The Last of the Sky Pirates: First Book of Rook
The two apprentices rose to go. ‘Fare you well, Rook,’ they said softly.
Rook’s eyelids flickered. He felt a light kiss brush his fevered brow, the lips cool and dry, and smelled the pine-like scent of Magda’s thick hair. His body was impossibly heavy.
There was a click of the catch as the door closed. Rook was alone again.
Night followed day followed night. Time after time, as evening fell and the milky light from outside grew dim, the spindlebug came to light the oil lantern. He bathed Rook and tucked him in; he put droplets of potent medicine under his tongue and applied oily herbal unguents to the angry wound, and bandaged it up with fresh strips of gauzy cloth.

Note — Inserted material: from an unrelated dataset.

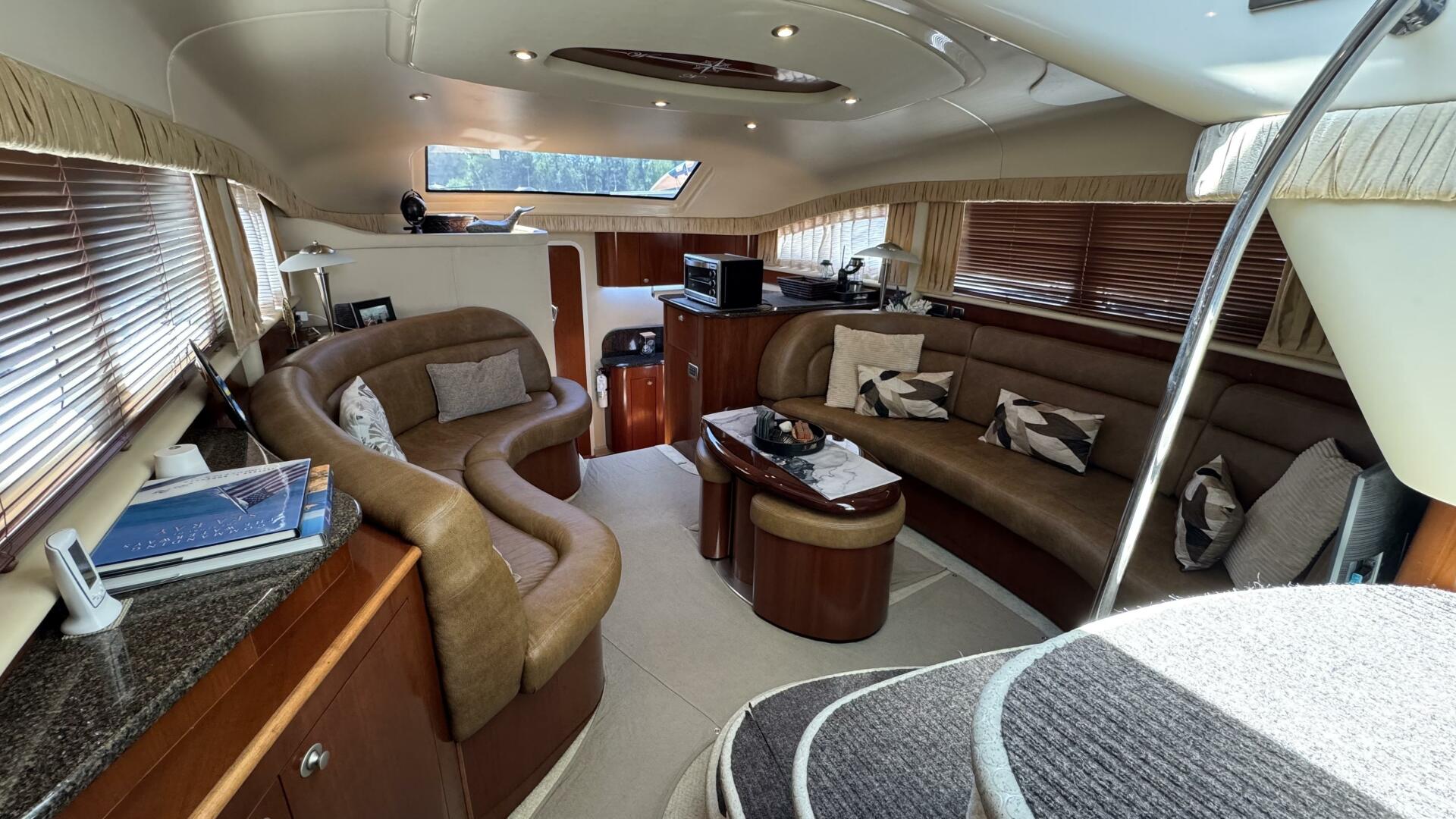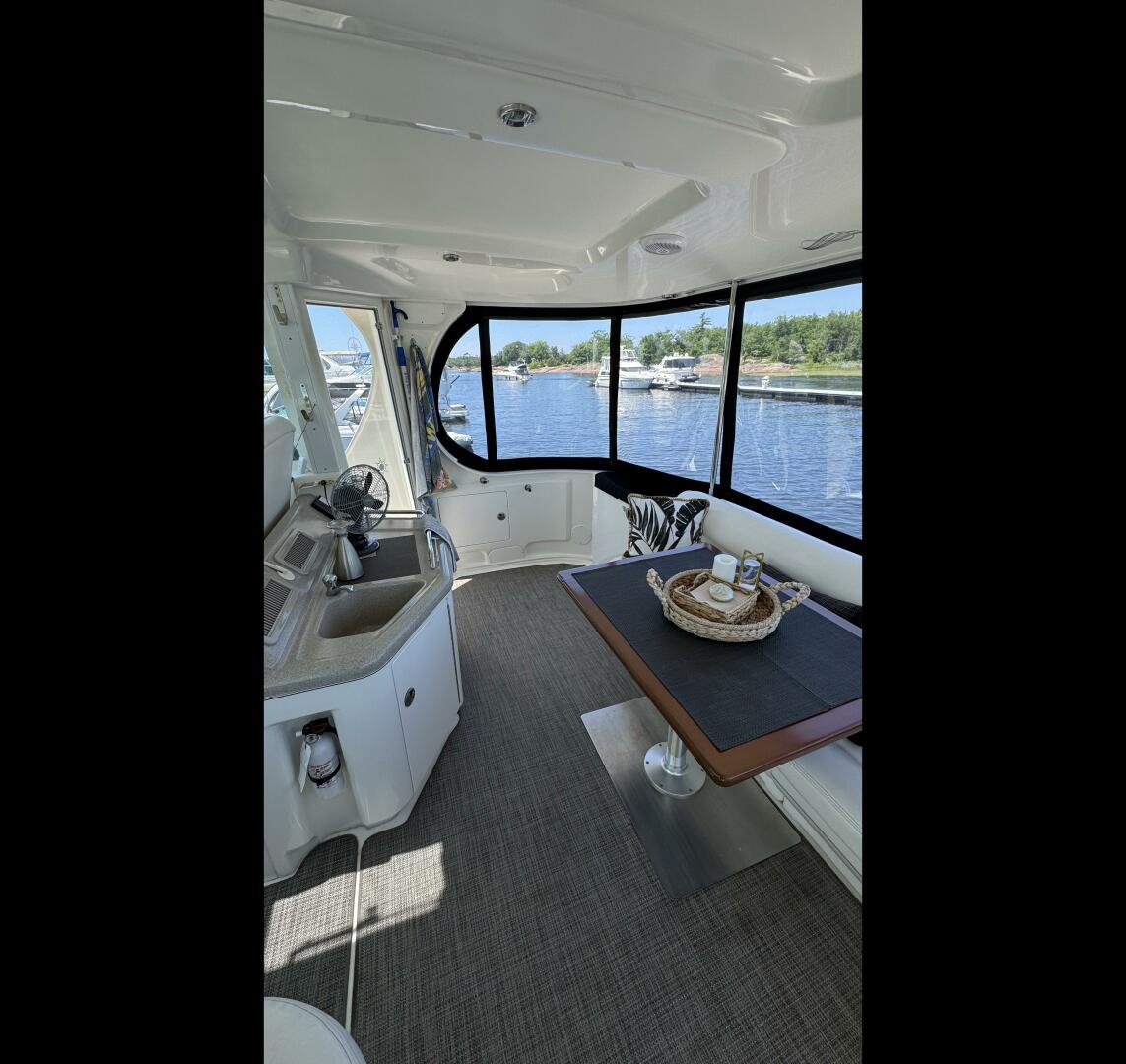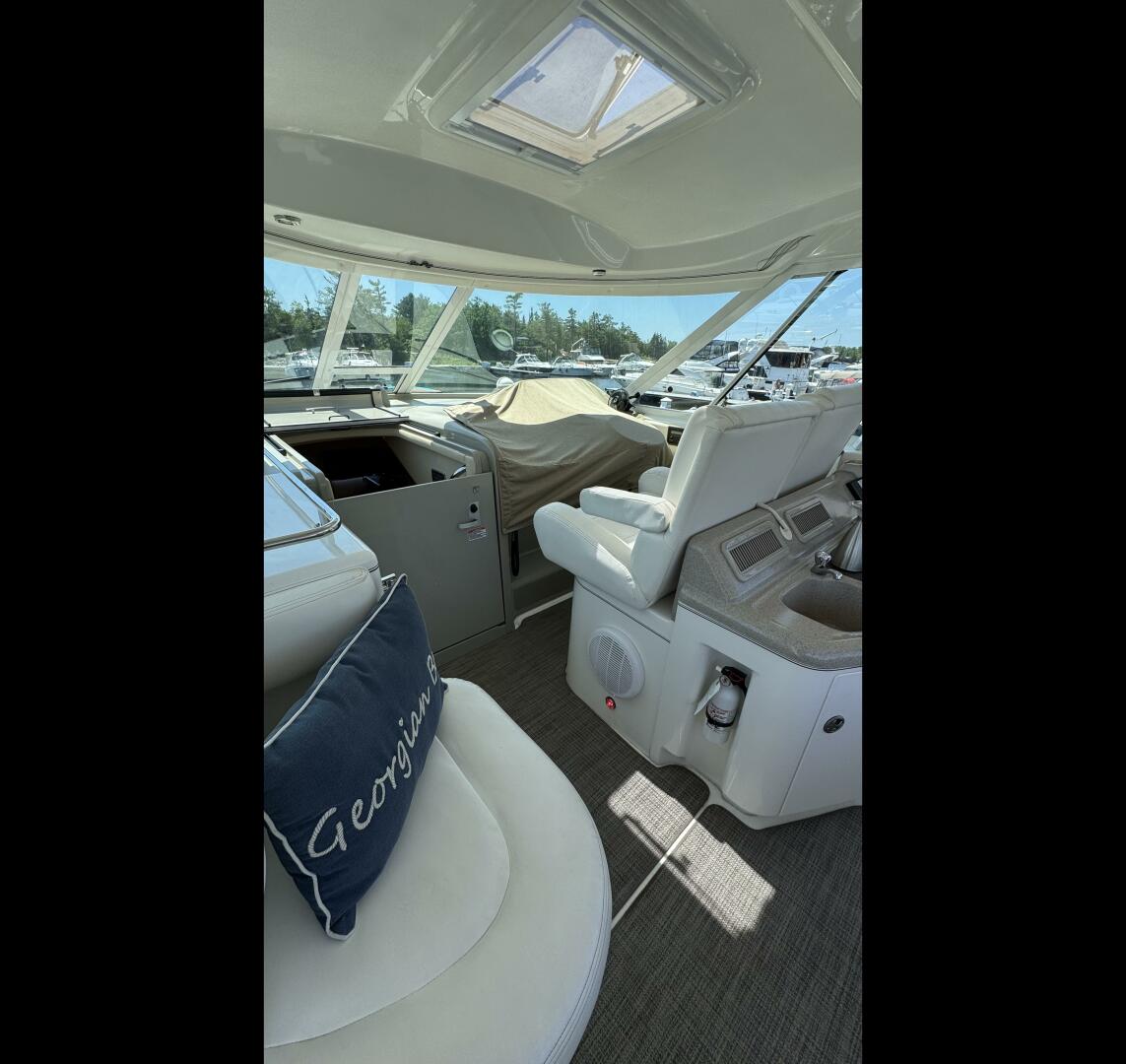 With twin 370 hp MerCruiser 8.1S engines (only 530 hours), this vessel delivers confident performance with direct drives, electronic fuel injection, and a bow thruster for easy handling. The hydraulic steering and Bennett trim tabs add to the effortless cruising experience.

Sometimes Rook would wake to find Tweezel fussing about him attentively; mostly, he would sleep through the spindlebug’s tender ministrations.
‘Rook, can you hear me?’ Rook opened his eyes. He knew that voice. ‘It’s me, Rook. Xanth.’
‘Xanth?’ he murmured, and winced as the searing pain in his shoulder shot down his arm.
Xanth winced with him. His face was pale and drawn, and his dark sunken eyes looked more haunted than ever. He pushed his hair off his forehead and took a step closer to the bed. The lantern in his hand swung to and fro. ‘I came to say goodbye, Rook,’ he told him.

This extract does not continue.